DIRECTIONS
Restate word for word the lines of the entries below, starting with the line that holds "Canotta con stampa" and ending with the line that holds "Toledo впечатлява със", and no others.

RECORDS SHOWN

-----

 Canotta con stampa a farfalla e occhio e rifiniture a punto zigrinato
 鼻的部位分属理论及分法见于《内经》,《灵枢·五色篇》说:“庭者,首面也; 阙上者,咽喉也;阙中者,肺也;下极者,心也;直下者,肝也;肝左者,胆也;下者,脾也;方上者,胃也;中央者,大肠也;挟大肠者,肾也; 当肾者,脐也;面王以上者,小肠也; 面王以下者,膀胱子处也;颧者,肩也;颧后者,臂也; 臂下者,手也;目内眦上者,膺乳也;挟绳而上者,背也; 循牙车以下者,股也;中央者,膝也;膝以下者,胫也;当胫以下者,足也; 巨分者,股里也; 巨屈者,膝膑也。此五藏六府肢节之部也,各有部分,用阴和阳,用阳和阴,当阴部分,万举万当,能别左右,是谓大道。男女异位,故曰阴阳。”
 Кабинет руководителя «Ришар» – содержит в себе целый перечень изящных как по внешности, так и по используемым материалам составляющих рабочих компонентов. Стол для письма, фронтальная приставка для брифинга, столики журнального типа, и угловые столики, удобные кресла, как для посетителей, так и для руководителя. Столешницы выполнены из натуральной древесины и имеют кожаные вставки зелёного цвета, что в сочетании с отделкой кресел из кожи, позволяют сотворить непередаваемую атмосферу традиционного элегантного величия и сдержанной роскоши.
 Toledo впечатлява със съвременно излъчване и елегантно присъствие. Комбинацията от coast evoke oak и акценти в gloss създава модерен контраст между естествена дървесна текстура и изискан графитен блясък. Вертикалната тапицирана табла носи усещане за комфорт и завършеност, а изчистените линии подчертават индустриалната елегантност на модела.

-----

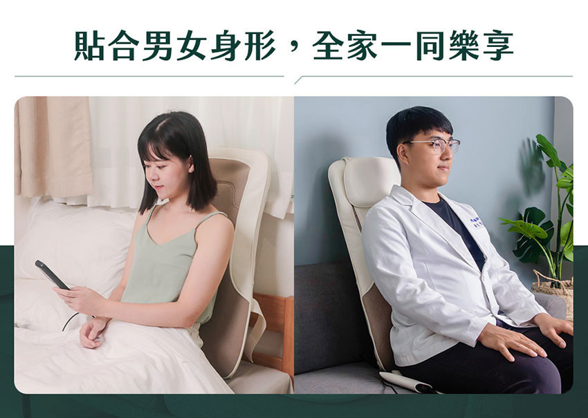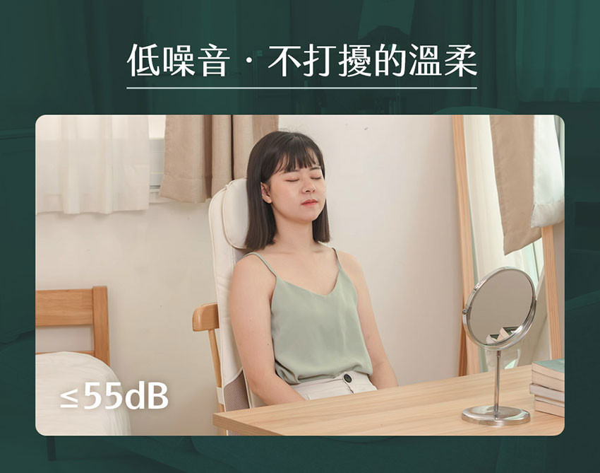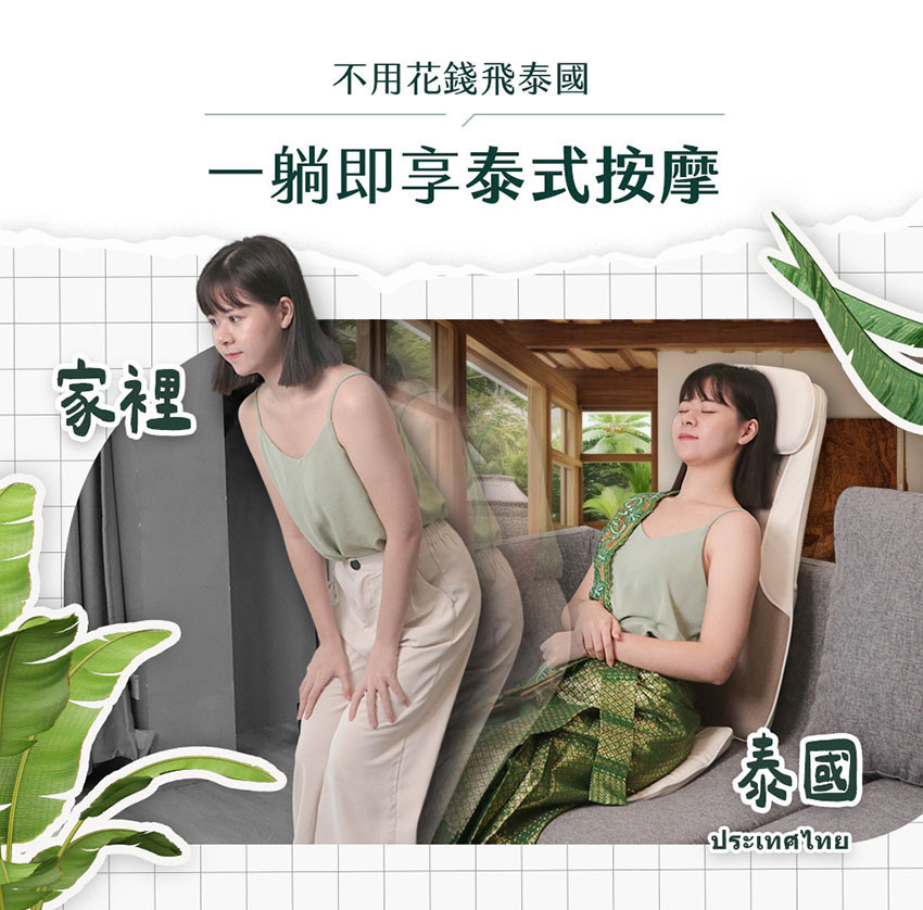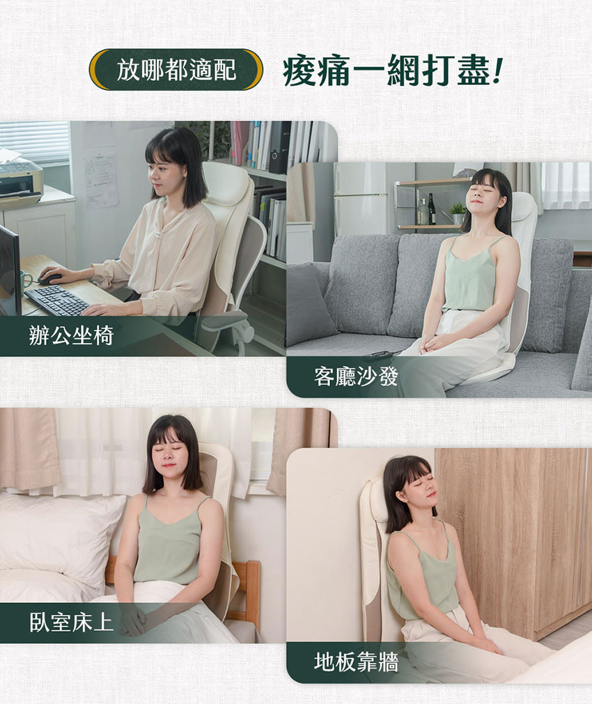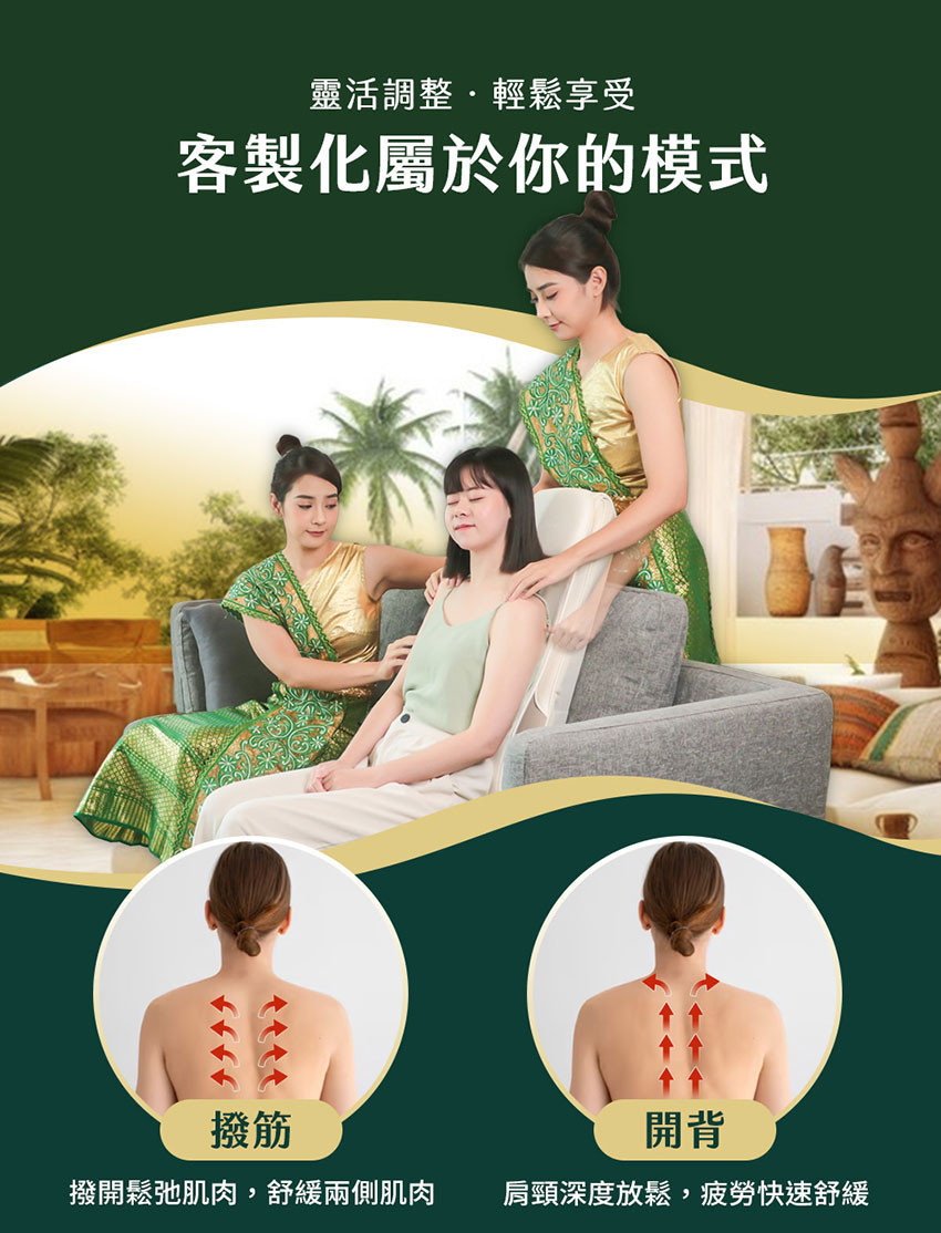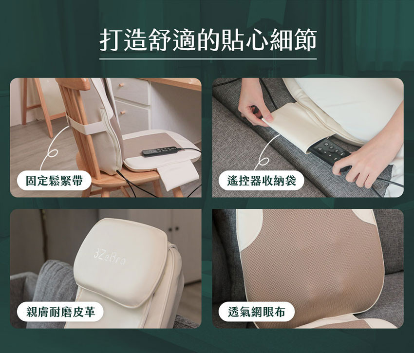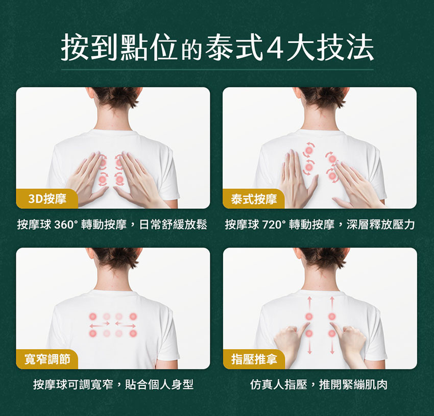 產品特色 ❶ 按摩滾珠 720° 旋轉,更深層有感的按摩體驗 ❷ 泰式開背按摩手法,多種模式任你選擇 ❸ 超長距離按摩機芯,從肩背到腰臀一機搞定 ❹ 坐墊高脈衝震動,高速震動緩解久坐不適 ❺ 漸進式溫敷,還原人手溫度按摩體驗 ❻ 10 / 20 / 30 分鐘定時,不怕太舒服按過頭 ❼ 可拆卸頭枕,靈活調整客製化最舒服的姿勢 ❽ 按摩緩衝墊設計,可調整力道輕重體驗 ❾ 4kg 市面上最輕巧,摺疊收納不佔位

-----

WORKED SOLUTION
 Canotta con stampa a farfalla e occhio e rifiniture a punto zigrinato
 鼻的部位分属理论及分法见于《内经》,《灵枢·五色篇》说:“庭者,首面也; 阙上者,咽喉也;阙中者,肺也;下极者,心也;直下者,肝也;肝左者,胆也;下者,脾也;方上者,胃也;中央者,大肠也;挟大肠者,肾也; 当肾者,脐也;面王以上者,小肠也; 面王以下者,膀胱子处也;颧者,肩也;颧后者,臂也; 臂下者,手也;目内眦上者,膺乳也;挟绳而上者,背也; 循牙车以下者,股也;中央者,膝也;膝以下者,胫也;当胫以下者,足也; 巨分者,股里也; 巨屈者,膝膑也。此五藏六府肢节之部也,各有部分,用阴和阳,用阳和阴,当阴部分,万举万当,能别左右,是谓大道。男女异位,故曰阴阳。”
 Кабинет руководителя «Ришар» – содержит в себе целый перечень изящных как по внешности, так и по используемым материалам составляющих рабочих компонентов. Стол для письма, фронтальная приставка для брифинга, столики журнального типа, и угловые столики, удобные кресла, как для посетителей, так и для руководителя. Столешницы выполнены из натуральной древесины и имеют кожаные вставки зелёного цвета, что в сочетании с отделкой кресел из кожи, позволяют сотворить непередаваемую атмосферу традиционного элегантного величия и сдержанной роскоши.
 Toledo впечатлява със съвременно излъчване и елегантно присъствие. Комбинацията от coast evoke oak и акценти в gloss създава модерен контраст между естествена дървесна текстура и изискан графитен блясък. Вертикалната тапицирана табла носи усещане за комфорт и завършеност, а изчистените линии подчертават индустриалната елегантност на модела.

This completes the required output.